Chapter 8

76.6K 4.8K 360
                                    

Deru angin menembus masuk melalui pintu kaca geser pada kamar Ruby yang terbuka lebar.

Saking kencangnya angin malam ini, Ruby pun terbangun dalam keadaan kamarnya yang berpencahayaan remang-remang. Selalu ia matikan lampu di kamarnya saat akan tidur malam.

Kening Ruby mengernyit, menoleh ia melihat kepada pintu kaca itu yang terbuka sangat lebar. Gorden-gorden putihnya yang indah sampai beterbangan akibat kencangnya angin menerjang.

Ruby tak seceroboh itu. Tak pernah sekalipun ia lupa menutup pintu kaca tersebut. Lagi pula sekencang apa pun angin, takkan mungkin dapat menggeser pintu kaca itu sampai terbuka dengan selebar ini.

Meninggalkan ranjangnya, Ruby berderap anggun menuju pintu kaca yang terbuka tadi. Matanya memicing, menarik pintu itu hingga tertutup kini dengan rapat. Ia benarkan pula gorden-gorden putihnya yang berantakan.

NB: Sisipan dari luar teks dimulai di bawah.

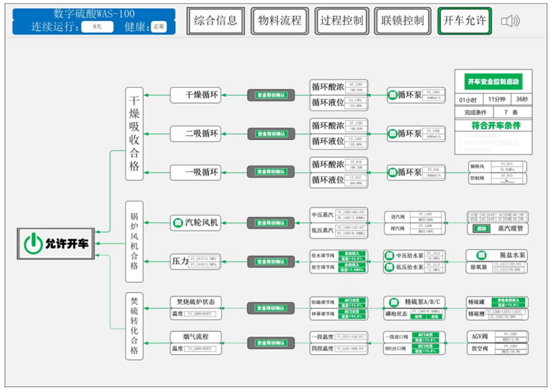 裝置在開車過程中往往是最忙碌的,經過檢修或者緊急處理后,操作人員需要對裝置的當前狀態(tài)進行多項人工確認,由于時間緊迫和高強度的操作會使操作人員在開車過程中身心疲憊,難以集中,開車過程中的事故通常是在這種情況下發(fā)生的。美國ASM(異常狀態(tài)管理協會)研究,化工裝置引起異常狀態(tài)的原因有36%是設備故障引起,有22%是工藝引起,有42%是操作人員失誤引起。因此一套人機友好的開車安全自動控制系統(tǒng)就顯得尤為重要,能指導操作人員自動完成開車安全的自動檢查,出現故障能協助操作人員完成故障排除,在開車前使裝置各關鍵條件100%滿足要求,有效防止人員失誤引起的開車事故發(fā)生,圖2、圖3為DSC-100硫酸裝置開車安全自動控制系統(tǒng)在80萬噸硫磺制酸裝置上的控制畫面。

Sebelum kembali ke kasur, dari dalam Ruby melihat-lihat ke arah luar. Ia elusi lengannya sendiri, merasakan suasana malam minggu kali ini yang agak berbeda. Mansionnya yang mewah tampak suram, pun atmosfer di kamarnya ini seolah dipenuhi oleh kabut-kabut hitam tak diundang.

Tak. Tak. Tak.

Kilat Ruby melengos cepat ke arah belakang. Matanya membuat nyalang di dalam pencahayaan remang-remang.

"Siapa di situ?" lontar Ruby.

Telinganya tidak mungkin salah. Suara-suara mirip tikaman pada kayu terdengar jelas di kamarnya. Dan suara-suara ini berasal dari arah meja kerjanya di bagian sudut.

Dengan berani Ruby mengambil langkah maju. Sontak ia kian melotot pun bulu-bulu halus di sekujur tubuhnya berdiri dengan seketika.

Matanya menemukan sesosok duduk di dalam gelap. Pada kursi kerjanya, entah menghadap ke arahnya atau memunggunginya Ruby tak tahu. Tangannya bergerak-gerak, menikam-nikam meja kerja Ruby yang terbuat dari kayu dengan sesuatu di tangannya.

Bergegas Ruby berlari kemudian menyalakan semua lampu di dalam kamarnya. Ketika ia menoleh untuk melihat siapa sosok tadi di sana, kontan nyalinya menciut. Mencelus jauh ke dalam jurang tak berdasar.

"A-apa, apa yang k-kau lakukan di sini?" tanya Ruby sampai terbata-bata. Tak bisa mengecilkan matanya yang terus melotot dan sekarang ia merasa tegang.

Kenneth duduk di sana, di kursi kerja Ruby. Memegang satu belati mengilap tajam, menikam-nikam meja kerja Ruby dan matanya sedari tadi mengamati Ruby dengan begitu intensnya.

Tak bersuara. Terus Kenneth tikam-tikami meja kayu mahal itu. Ia bertelanjang dada, hanya mengenakan celana jas keren, duduk dengan posisi kaki kokohnya terbuka juga pinggangnya yang agak patah ke dalam.

Sayu, redup tajam Kenneth menyorot Ruby yang hampir lupa caranya bernapas. Tercengang, shock mendapati Kenneth telah berada di dalam kamarnya setelah beberapa jam lalu ia menganiaya pria itu di kolam renang.

"Apa yang kau lakukan di sini?" lontar Ruby lagi. Kewaspadaannya meningkat seratus persen dan buru-buru ia mengambil pistol miliknya di dalam laci meja terdekat.

Itu bukan Kenneth. Ruby tak pernah melihat tatapan Kenneth semistis ini. Kenneth seolah-olah dikelilingi oleh gelapnya aura mistis, dingin menegangkan dan Ruby mulai sesak napas.

Pria itu seperti raksasa yang siap untuk menelannya atau mematah-matahkan setiap inci tulang Ruby lalu dilemparkan ke dalam perapian menyala-nyala.

"Sedang apa aku di sini?" Di sana Kenneth menyeringai tipis. Ia agak menunduk namun matanya tajam menyorot Ruby lekat-lekat. Ia bak patung yang bola matanya saja bergerak-gerak.

Kenneth berdiri. Gontai lamban ia mendekati Ruby hingga wanita itu kian melotot, mengangkat segera pistolnya akan benar-benar menembak Kenneth jika pria itu bertindak nekat.